Question

An object is at a distance of $20\,m$ from a convex lens of focal length $0.3\,m$. The lens forms an image of the object. If the object moves away from the lens at a speed of $5\,m{s^{ - 1}}$, the speed and direction of the image will be:
(A) ${0.9210^3}\,m{s^{ - 1}}$ away from the lens
(B) $2.26 \times {10^{ - 3}}\,m{s^{ - 1}}$ away from the lens
(C) $1.16 \times {10^3}\,m{s^{ - 1}}$ towards from the lens
(D) $3.22 \times {10^3}\,m{s^{ - 1}}$ towards from the lens

Answer 1

Hint: The velocity of the image is determined by using the velocity of the image with respect to the lens formula. In this formula, the magnification is required, the magnification is determined by using the magnification formula. Then the velocity of the image is determined.

Additional Formula:
The focal length is given by,
$\dfrac{1}{f} = \dfrac{1}{v} - \dfrac{1}{u}$
Where, $f$ is the focal length of the lens, $v$ is the distance of the image from the lens and $u$ is the distance of the object from the lens.
The magnification of the lens is given by,
$m = \dfrac{v}{u}$
Where, $m$ is the magnification of the lens, $v$ is the distance of the image from the lens and $u$ is the distance of the object from the lens.
The velocity of the image with respect to the lens is given by,
${V_I} = {m^2}{V_O}$
Where, ${V_I}$ is the velocity of the image, $m$ is the magnification of the lens and ${V_O}$ is the velocity of the object.

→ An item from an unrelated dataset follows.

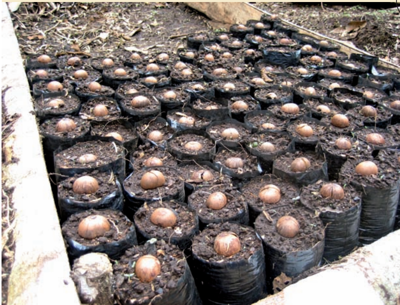
Plantation programs are found all over the region. This nursery of a small local farmer produces Balsa seedlings ( Ochroma sp.). Community El Edén, Province Morona Santiago, Ecuador (Shuar ethnic group).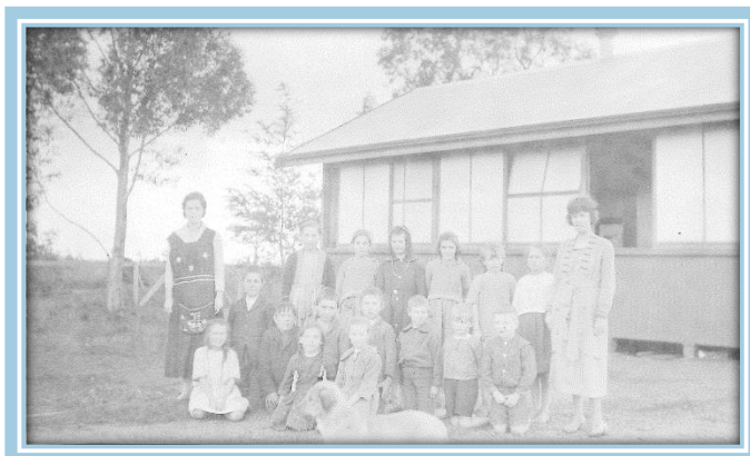
Paradise School in the 1920's.

The Shire's Municipal Heritage Inventory contains a list and details of places considered to be of local heritage significance.

Complete step by step answer:
Given that,
The distance of the object from the lens is, $u = 20\,m$,
The focal length of the lens is, $f = 0.3\,m$,
The velocity of the object is, ${V_O} = 5\,m{s^{ - 1}}$
Now,
The focal length is given by,
$\dfrac{1}{f} = \dfrac{1}{v} - \dfrac{1}{u}\,...................\left( 1 \right)$
By substituting the distance of the object from the lens and the focal length of the lens in the above equation (1), then
$\dfrac{1}{{0.3}} = \dfrac{1}{v} - \dfrac{1}{{ - 20}}$
By rearranging the terms in the above equation, then
$\dfrac{1}{{0.3}} = \dfrac{1}{v} + \dfrac{1}{{20}}$
By keeping the term $v$ in one side, then
$\dfrac{1}{v} = \dfrac{1}{{0.3}} - \dfrac{1}{{20}}$
The above equation is also written as,
$\dfrac{1}{v} = \dfrac{{10}}{3} - \dfrac{1}{{20}}$
By cross multiplying the terms in the above equation, then
$\dfrac{1}{v} = \dfrac{{200 - 3}}{{60}}$
By subtracting the terms in the above equation, then
$\dfrac{1}{v} = \dfrac{{197}}{{60}}$
By taking reciprocal on both sides, then
$v = \dfrac{{60}}{{197}}\,m$
Now,
The velocity of the image with respect to the lens is given by,
${V_I} = {m^2}{V_O}\,...............\left( 2 \right)$
By using the magnification formula in the above equation, then
${V_I} = {\left( {\dfrac{v}{u}} \right)^2}{V_O}$
By substituting the distance of the image from the lens, the distance of the object from the lens and velocity of the object in the above equation, then
${V_I} = {\left( {\dfrac{{\left( {\dfrac{{60}}{{197}}} \right)}}{{20}}} \right)^2} \times 5$
By rearranging the terms in the above equation, then
${V_I} = {\left( {\dfrac{{60}}{{197 \times 20}}} \right)^2} \times 5$
By multiplying the terms in the above equation, then
${V_I} = {\left( {\dfrac{{60}}{{3940}}} \right)^2} \times 5$
By dividing the terms in the above equation, then
${V_I} = {\left( {0.015} \right)^2} \times 5$
By squaring the terms in the above equation, then
${V_I} = 2.3 \times {10^{ - 4}} \times 5$
By multiplying the terms in the above equation, then
${V_I} = 1.16 \times {10^{ - 3}}\,m{s^{ - 1}}$
The final answer is positive, so the direction is towards the centre.
Hence, the option (C) is the correct answer.

Note:The magnification of the lens is directly proportional to the distance of the image from the lens and inversely proportional to the distance of the object from the lens. And the velocity of the image is directly proportional to the magnification and the velocity of the lens.